**** RECORDS PROVIDED ****

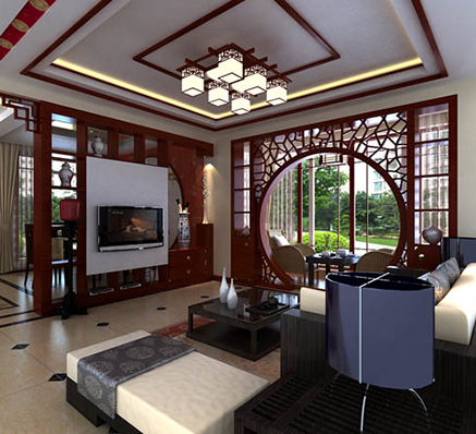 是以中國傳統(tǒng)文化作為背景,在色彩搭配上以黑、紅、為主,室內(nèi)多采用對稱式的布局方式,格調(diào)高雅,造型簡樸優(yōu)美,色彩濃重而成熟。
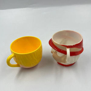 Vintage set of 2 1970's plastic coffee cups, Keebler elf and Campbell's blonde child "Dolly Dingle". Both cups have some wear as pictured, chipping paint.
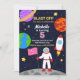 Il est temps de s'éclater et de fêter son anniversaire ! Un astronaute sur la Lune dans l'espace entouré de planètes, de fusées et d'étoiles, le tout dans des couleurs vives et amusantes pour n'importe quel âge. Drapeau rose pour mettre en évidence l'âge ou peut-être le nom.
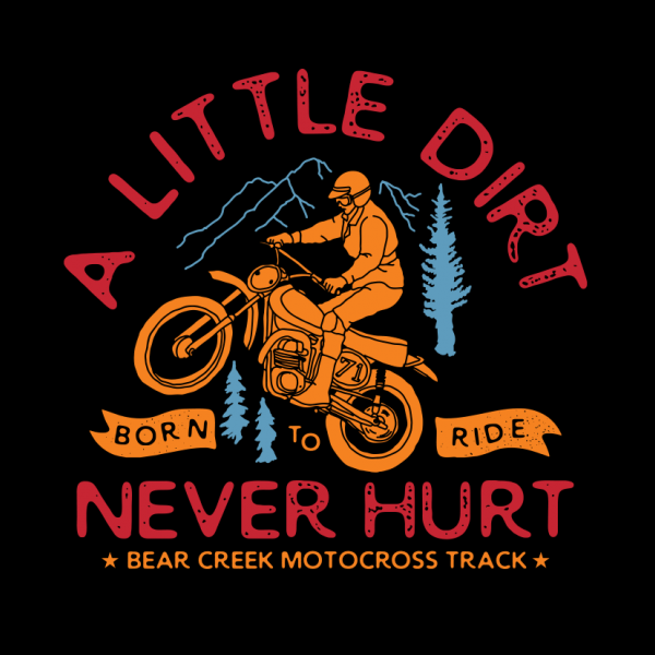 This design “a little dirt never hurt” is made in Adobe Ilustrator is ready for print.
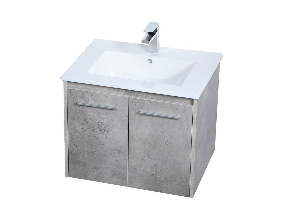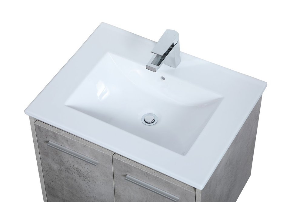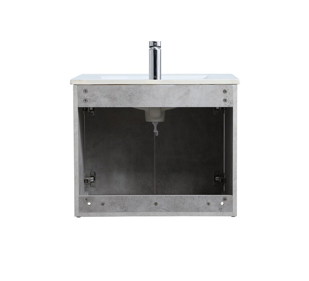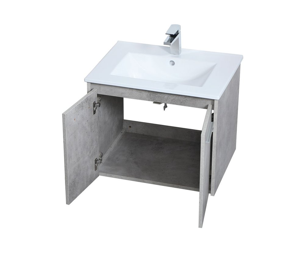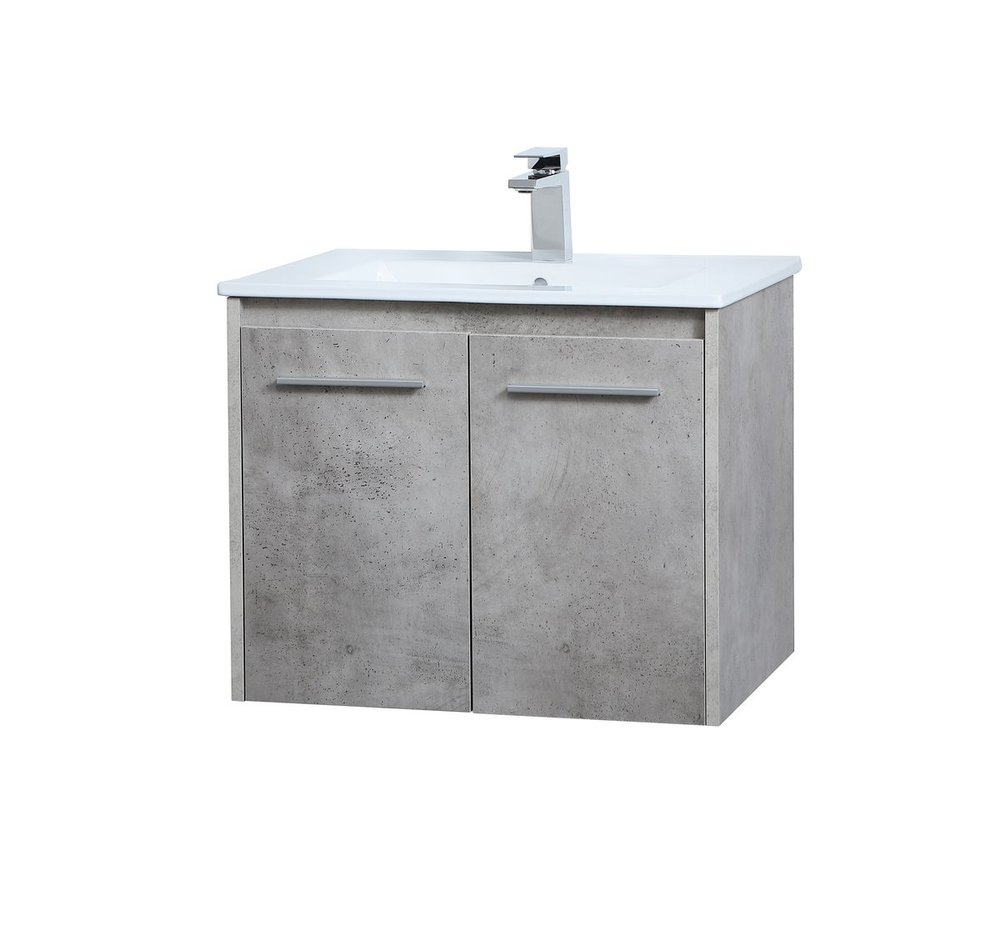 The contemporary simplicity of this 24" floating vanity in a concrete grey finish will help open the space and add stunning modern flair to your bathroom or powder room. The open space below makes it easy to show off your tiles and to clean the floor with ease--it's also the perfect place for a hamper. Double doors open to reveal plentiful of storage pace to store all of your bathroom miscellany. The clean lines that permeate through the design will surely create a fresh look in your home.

****

## WORK INSTRUCTIONS
Exact repetition is the task: every line from the start of the data to the line with "Il est temps", inclusive, and none after it, pictures omitted.

## COMPLETED TASK
 是以中國傳統(tǒng)文化作為背景,在色彩搭配上以黑、紅、為主,室內(nèi)多采用對稱式的布局方式,格調(diào)高雅,造型簡樸優(yōu)美,色彩濃重而成熟。
 Vintage set of 2 1970's plastic coffee cups, Keebler elf and Campbell's blonde child "Dolly Dingle". Both cups have some wear as pictured, chipping paint.
 Il est temps de s'éclater et de fêter son anniversaire ! Un astronaute sur la Lune dans l'espace entouré de planètes, de fusées et d'étoiles, le tout dans des couleurs vives et amusantes pour n'importe quel âge. Drapeau rose pour mettre en évidence l'âge ou peut-être le nom.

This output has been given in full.